▸ EXERCISE INSTRUCTIONS
Give back the entries exactly as they read, leaving each image out.

•••

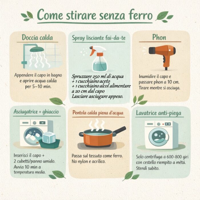 | Spray anti-pieghe fai-da-te | Acqua + aceto rilassano le fibre | Molto efficace, economico | Serve prepararlo |
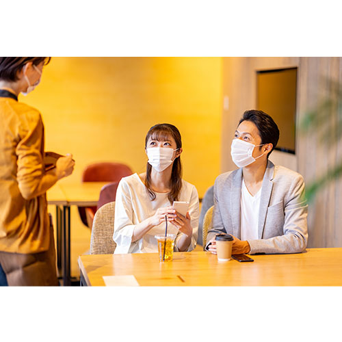 国や多くの地方自治体から、店内の飲食時にのみマスクを外し会話の際にはマスクを着ける新しい会食様式としてマスク会食が推奨され、その告知物として啓発ポスターや三角POPなどの素材が提供されています。
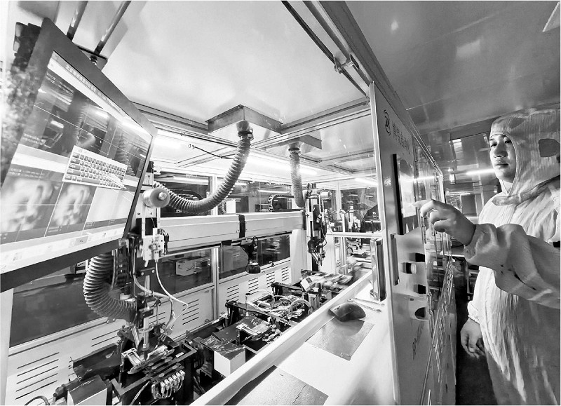 9月11日,山东多亿电子科技有限公司技术人员正在车间内察看手机显示屏全自动贴合线运行情况。
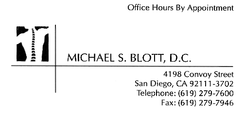 - San Diego County Chiropractic Society "Doctor of the Year" 1993
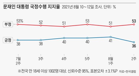 한국갤럽이 지난 10∼12일 전국 만 18세 이상 1002명을 대상으로 조사한 결과, ‘문 대통령이 직무를 잘 수행하고 있다’는 응답은 36%로 나타났다. 문 대통령의 지지도가 30%대를 기록한 것은 7월 3주차(38%) 이후로 한 달 만이다.
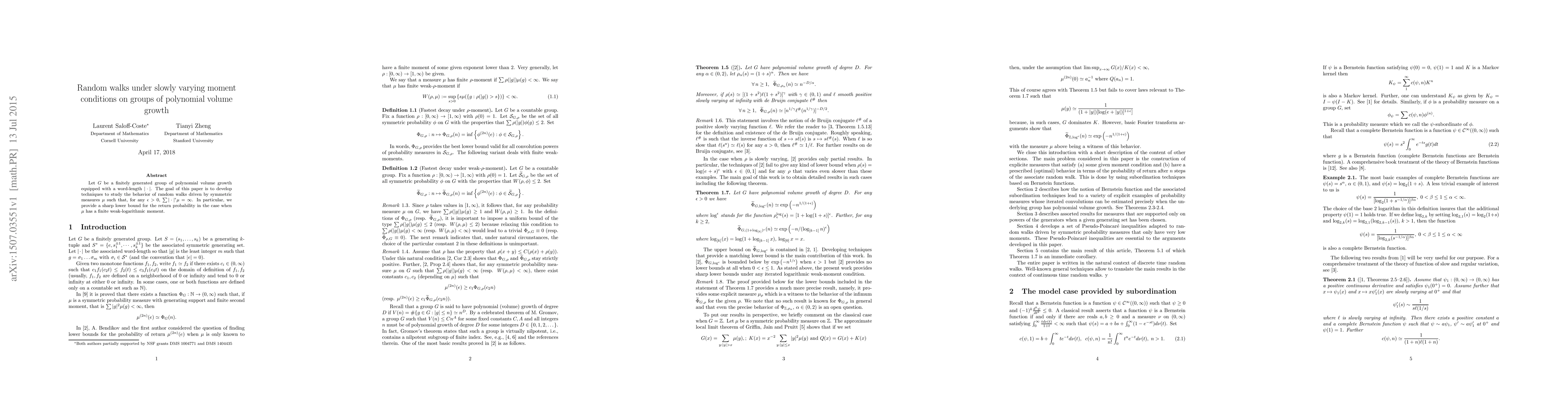 This paper develops techniques to analyze the behavior of random walks on finitely generated groups with polynomial volume growth, focusing on symmetric measures with slowly varying moments. It provides a sharp lower bound for return probabilities under conditions where the measure has a finite weak-logarithmic moment.
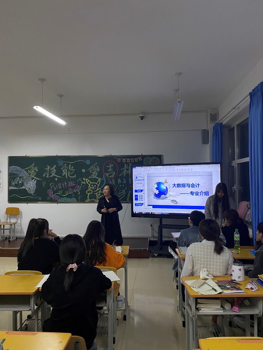 财经商贸系(会计专业)在2021年9月28日利用晚自习期间丁剑老师对21级会计新生进行了专业教育,会中对大数据与会计专业做了详细的介绍,包括本专业开设的课程、学分的计算、就业前景、学院的各项规章制度等内容,并且会后与学生进行了深入的交流。
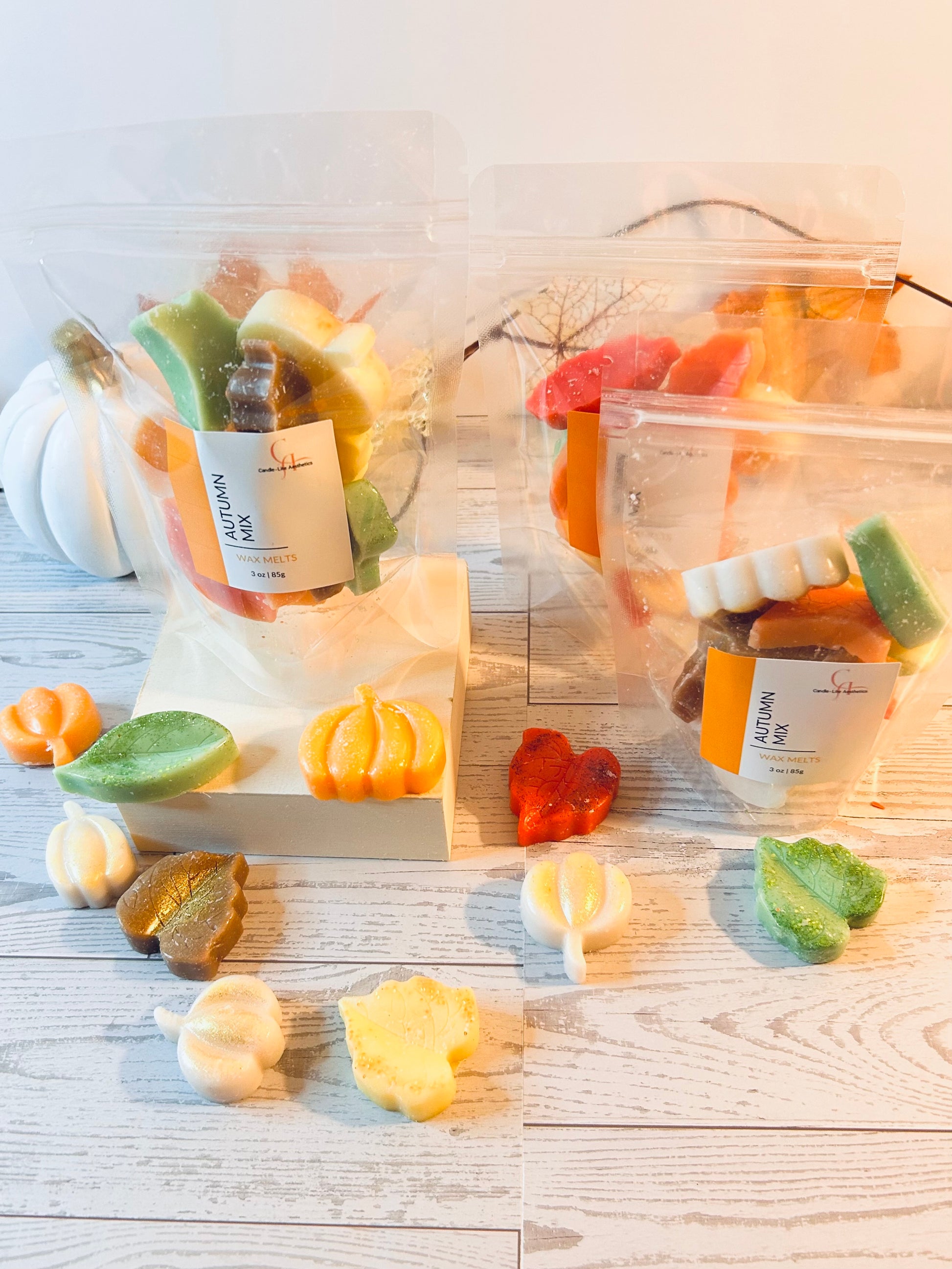Bring the heart of fall into your home with our Autumn Mix Wax Melts — a cozy blend of pumpkin, cinnamon, clove, and creamy vanilla. Each 3 oz pouch is hand-poured in small batches to capture everything you love about the season: the warmth of fresh-baked pies, the glow of golden leaves, and the comfort of sweater weather.
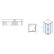 Produkten består av två plana fasta paneler och två plana rörliga paneler som bildar en skjutdörr. Produkten är avsedd för montering i ett kaklat hörn av badrummet, direkt på golvet tillsammans med en inbyggd duschkanal eller punktbrunn.
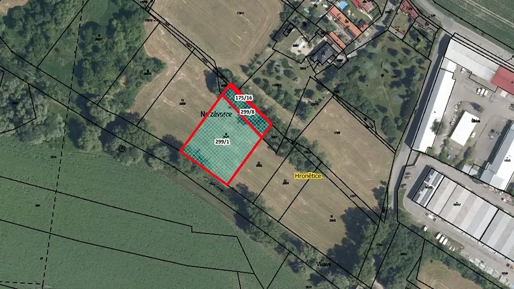 Nabízíme k prodeji atraktivní pozemky p.č. 299/1 o výměře 2 416 m2, p.č. 175/16 o výměře 49 m2 a p.č. 299/8 o výměře 528 m2 v katastrálním území Hronětice. Pozemky jsou ve výhradním (100 %) vlastnictví (LV č. 411). Nachází se v klidné části katastru a jsou v současnosti řádně obhospodařovány místním zemědělcem. Přístup zajištěn přes obecní pozemky.
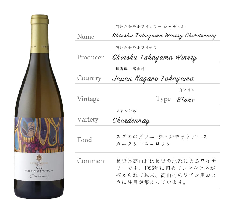 信州たかやまワイナリー シャルドネShinshu Takayama Winery Chardonnay
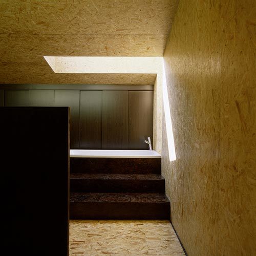 Onkel Freds Hütte ist eine veredelte Kreuzung aus japanischer Lebensart und heimischer Bautradition. Das sattelbedachte Haus steht in einer Dichtbetonwanne, die sich in die Gartenerde senkt und dem Wohnraum im Süden einen exklusiven Vorhof schenkt. Dieser Kunstgriff ermöglicht es, unterm First zwei Ebenen unterschiedlicher Atmosphäre zu kreieren, weder Regenrinne noch Vordach stören den Archetypus Haus. Unter der breiten Holzfront, die schattig übers Sonnenfenster ragt, ruht Onkel Fred unter der leichten Dachschräge. Drei breite Stufen führen aufs Schlafpodest mit Schrankwand, unter einem zarten Oberlichtschlitz ist sogar noch eine Wanne integriert. „Das obere Geschoß ist extrem introvertiert, das untere dafür sehr weit. Der kleine Raum braucht das kontrastreiche Raumempfinden“, sagt Gernot Hertl, es sei spannend, jeden Quadratzentimeter zu nutzen.
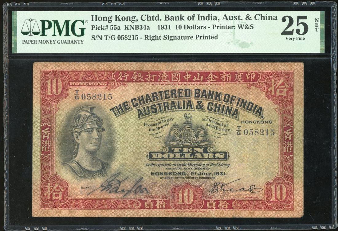 Chartered Bank of India, Australia & China, Hong Kong, $10, 1 July 1931, serial number T/G 058215, one handsigned signature,
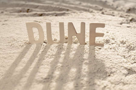 dune word casts shadow on sand, sandy surface and shadows. dune word from wooden letters
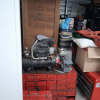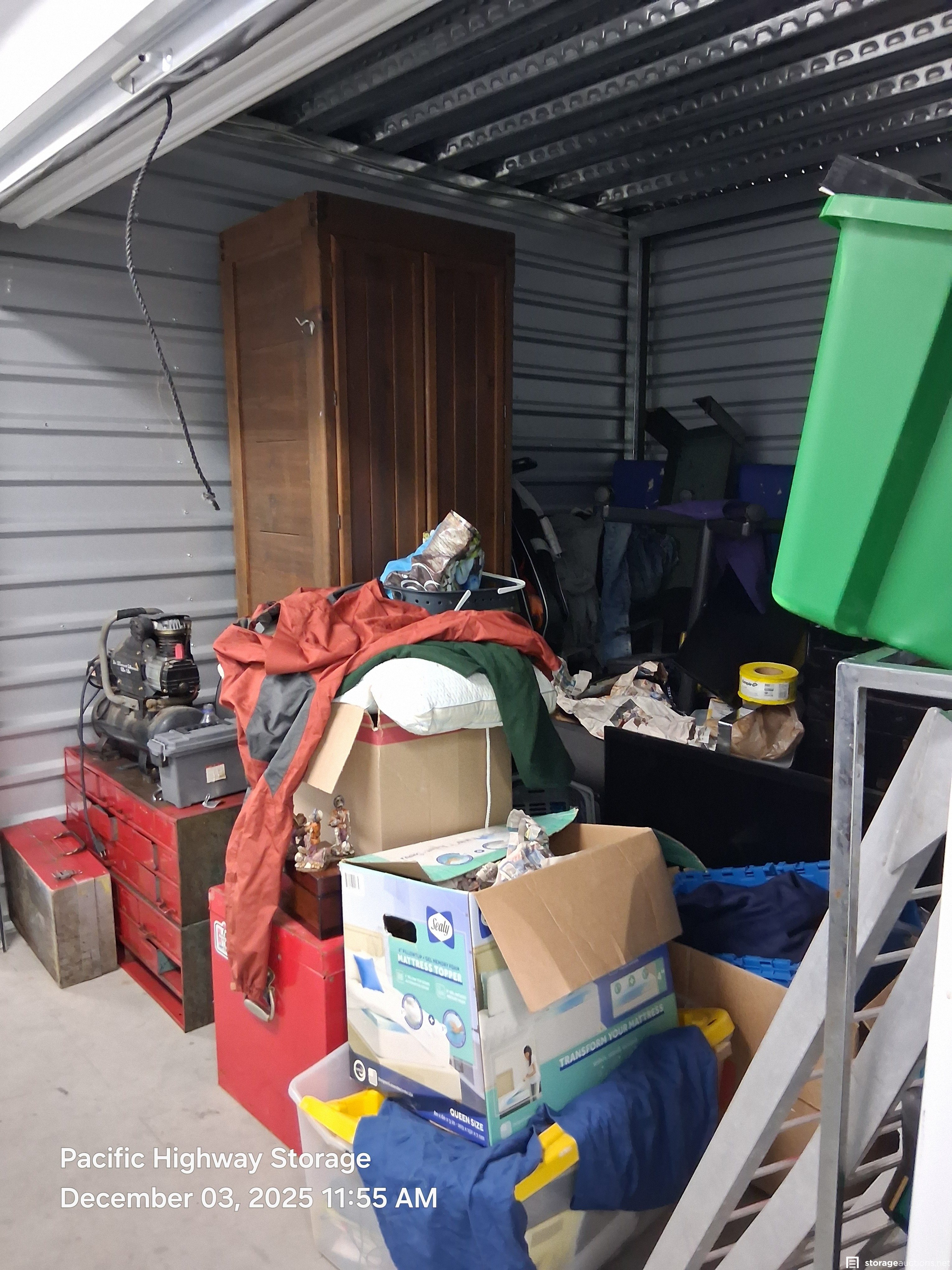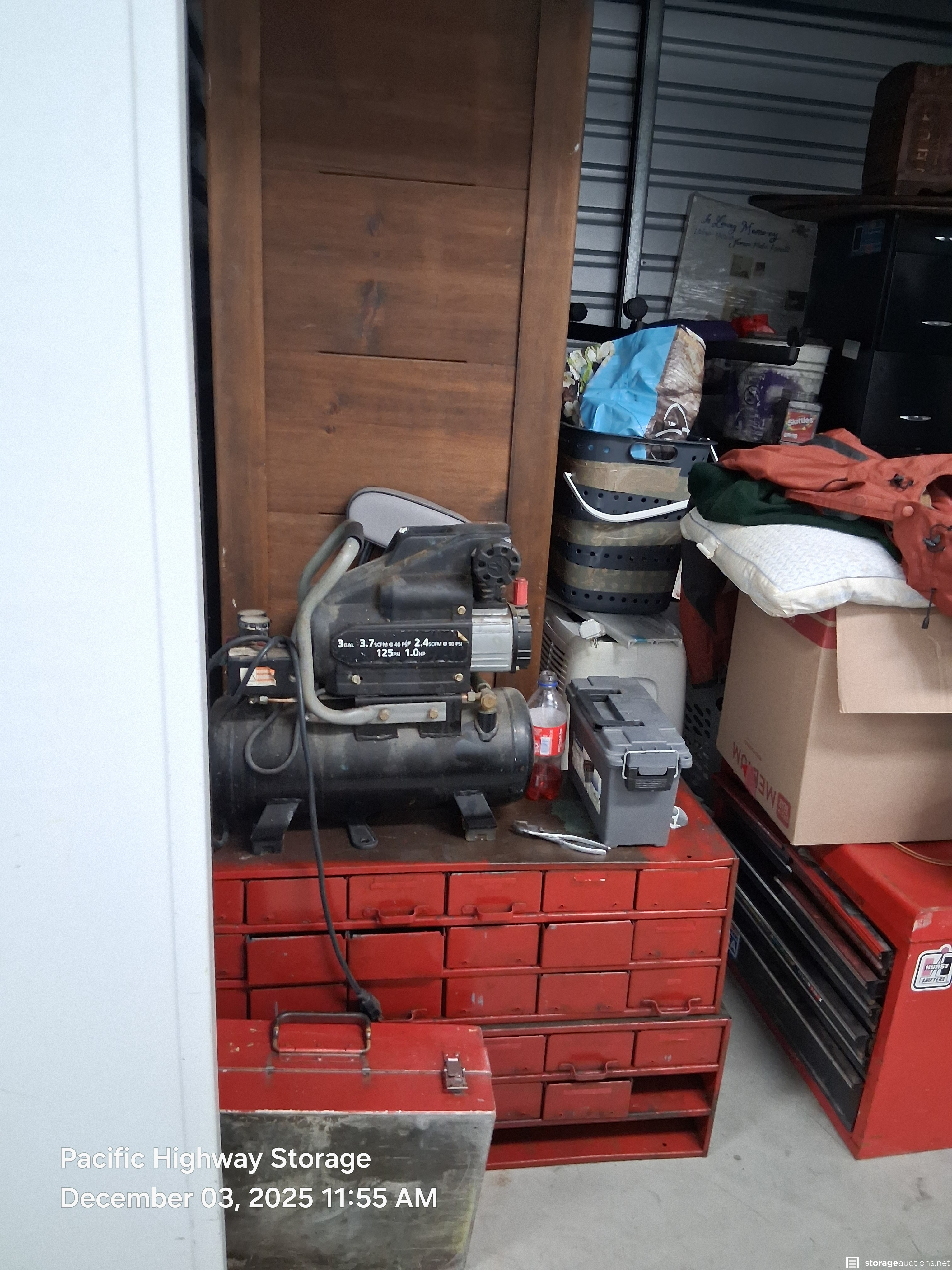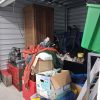 Wardrobe, 6 toolboxes, tv, filing cabinet, air compressor, portable ac, 2 chairs, clothes, sofa, folding chair, 2 tables, truck ramp, skateboard, car jacks, 3 plastic totes
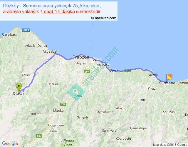 Düzköy - Sürmene arası yaklaşık olarak 90 km/h ile yukarıda belirtilen sürede olup, iki yerin kuş uçuşu uzaklığı (mesafesi) 58'dir. Yolculuk otobüsle 1 saat 36 dakika sürmektedir.
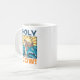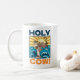 Une vache drôle sur une tasse avec un jeu de mot visuel. Utilisez "Personnalisez ce modèle" pour modifier le texte "SAINT VACHE !" et créer un élément unique et customisé. Un jeu de mots mettant en vedette une vache dramatique en robe, tenant un escroc de berger et un défilé religieux, parsemant les vagues avec un coup de soleil doré derrière.
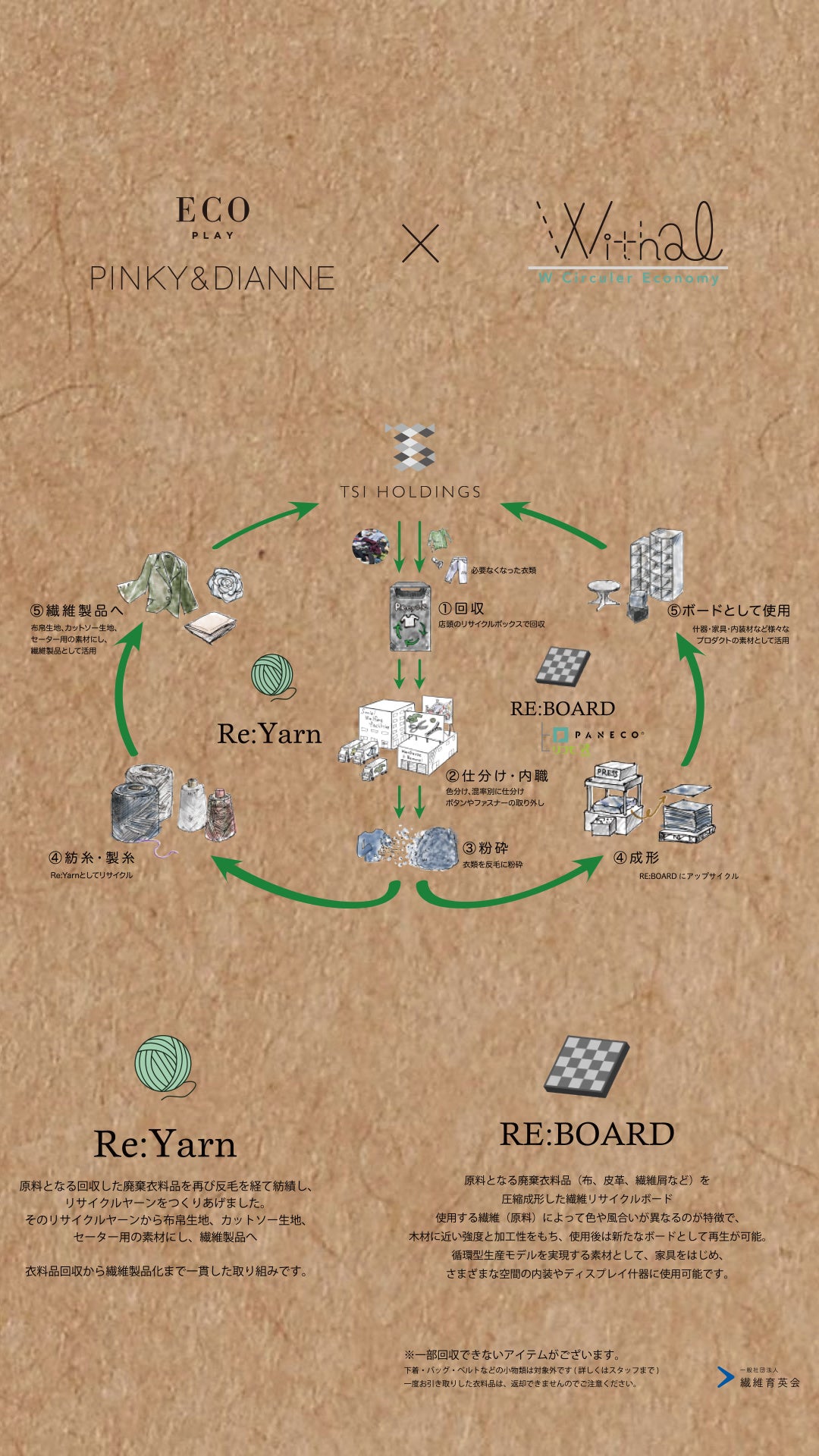 株式会社TSI(東京都港区 代表取締役社長 下地毅)が展開するアパレルブランド「PINKY&DIANNE」は、環境保全の取り組みとして、繊維育英会が行う地球環境問題に取り組む資源環境プロジェクト「Withal(ウィゾール)」と、また新たな資源として活用する循環キャンペーン「ECO PLAY」を4月1日(土)から開始します。
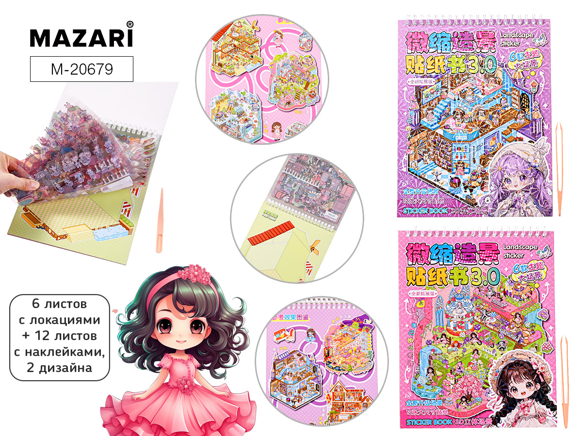 Наклейки РУМБОКС ДЕВОЧКИ, 6 локаций, 12 л. с накл.

•••

▸ EXPECTED OUTPUT
 | Spray anti-pieghe fai-da-te | Acqua + aceto rilassano le fibre | Molto efficace, economico | Serve prepararlo |
 国や多くの地方自治体から、店内の飲食時にのみマスクを外し会話の際にはマスクを着ける新しい会食様式としてマスク会食が推奨され、その告知物として啓発ポスターや三角POPなどの素材が提供されています。
 9月11日,山东多亿电子科技有限公司技术人员正在车间内察看手机显示屏全自动贴合线运行情况。
 - San Diego County Chiropractic Society "Doctor of the Year" 1993
 한국갤럽이 지난 10∼12일 전국 만 18세 이상 1002명을 대상으로 조사한 결과, ‘문 대통령이 직무를 잘 수행하고 있다’는 응답은 36%로 나타났다. 문 대통령의 지지도가 30%대를 기록한 것은 7월 3주차(38%) 이후로 한 달 만이다.
 This paper develops techniques to analyze the behavior of random walks on finitely generated groups with polynomial volume growth, focusing on symmetric measures with slowly varying moments. It provides a sharp lower bound for return probabilities under conditions where the measure has a finite weak-logarithmic moment.
 财经商贸系(会计专业)在2021年9月28日利用晚自习期间丁剑老师对21级会计新生进行了专业教育,会中对大数据与会计专业做了详细的介绍,包括本专业开设的课程、学分的计算、就业前景、学院的各项规章制度等内容,并且会后与学生进行了深入的交流。
Bring the heart of fall into your home with our Autumn Mix Wax Melts — a cozy blend of pumpkin, cinnamon, clove, and creamy vanilla. Each 3 oz pouch is hand-poured in small batches to capture everything you love about the season: the warmth of fresh-baked pies, the glow of golden leaves, and the comfort of sweater weather.
 Produkten består av två plana fasta paneler och två plana rörliga paneler som bildar en skjutdörr. Produkten är avsedd för montering i ett kaklat hörn av badrummet, direkt på golvet tillsammans med en inbyggd duschkanal eller punktbrunn.
 Nabízíme k prodeji atraktivní pozemky p.č. 299/1 o výměře 2 416 m2, p.č. 175/16 o výměře 49 m2 a p.č. 299/8 o výměře 528 m2 v katastrálním území Hronětice. Pozemky jsou ve výhradním (100 %) vlastnictví (LV č. 411). Nachází se v klidné části katastru a jsou v současnosti řádně obhospodařovány místním zemědělcem. Přístup zajištěn přes obecní pozemky.
 信州たかやまワイナリー シャルドネShinshu Takayama Winery Chardonnay
 Onkel Freds Hütte ist eine veredelte Kreuzung aus japanischer Lebensart und heimischer Bautradition. Das sattelbedachte Haus steht in einer Dichtbetonwanne, die sich in die Gartenerde senkt und dem Wohnraum im Süden einen exklusiven Vorhof schenkt. Dieser Kunstgriff ermöglicht es, unterm First zwei Ebenen unterschiedlicher Atmosphäre zu kreieren, weder Regenrinne noch Vordach stören den Archetypus Haus. Unter der breiten Holzfront, die schattig übers Sonnenfenster ragt, ruht Onkel Fred unter der leichten Dachschräge. Drei breite Stufen führen aufs Schlafpodest mit Schrankwand, unter einem zarten Oberlichtschlitz ist sogar noch eine Wanne integriert. „Das obere Geschoß ist extrem introvertiert, das untere dafür sehr weit. Der kleine Raum braucht das kontrastreiche Raumempfinden“, sagt Gernot Hertl, es sei spannend, jeden Quadratzentimeter zu nutzen.
 Chartered Bank of India, Australia & China, Hong Kong, $10, 1 July 1931, serial number T/G 058215, one handsigned signature,
 dune word casts shadow on sand, sandy surface and shadows. dune word from wooden letters
 Wardrobe, 6 toolboxes, tv, filing cabinet, air compressor, portable ac, 2 chairs, clothes, sofa, folding chair, 2 tables, truck ramp, skateboard, car jacks, 3 plastic totes
 Düzköy - Sürmene arası yaklaşık olarak 90 km/h ile yukarıda belirtilen sürede olup, iki yerin kuş uçuşu uzaklığı (mesafesi) 58'dir. Yolculuk otobüsle 1 saat 36 dakika sürmektedir.
 Une vache drôle sur une tasse avec un jeu de mot visuel. Utilisez "Personnalisez ce modèle" pour modifier le texte "SAINT VACHE !" et créer un élément unique et customisé. Un jeu de mots mettant en vedette une vache dramatique en robe, tenant un escroc de berger et un défilé religieux, parsemant les vagues avec un coup de soleil doré derrière.
 株式会社TSI(東京都港区 代表取締役社長 下地毅)が展開するアパレルブランド「PINKY&DIANNE」は、環境保全の取り組みとして、繊維育英会が行う地球環境問題に取り組む資源環境プロジェクト「Withal(ウィゾール)」と、また新たな資源として活用する循環キャンペーン「ECO PLAY」を4月1日(土)から開始します。
 Наклейки РУМБОКС ДЕВОЧКИ, 6 локаций, 12 л. с накл.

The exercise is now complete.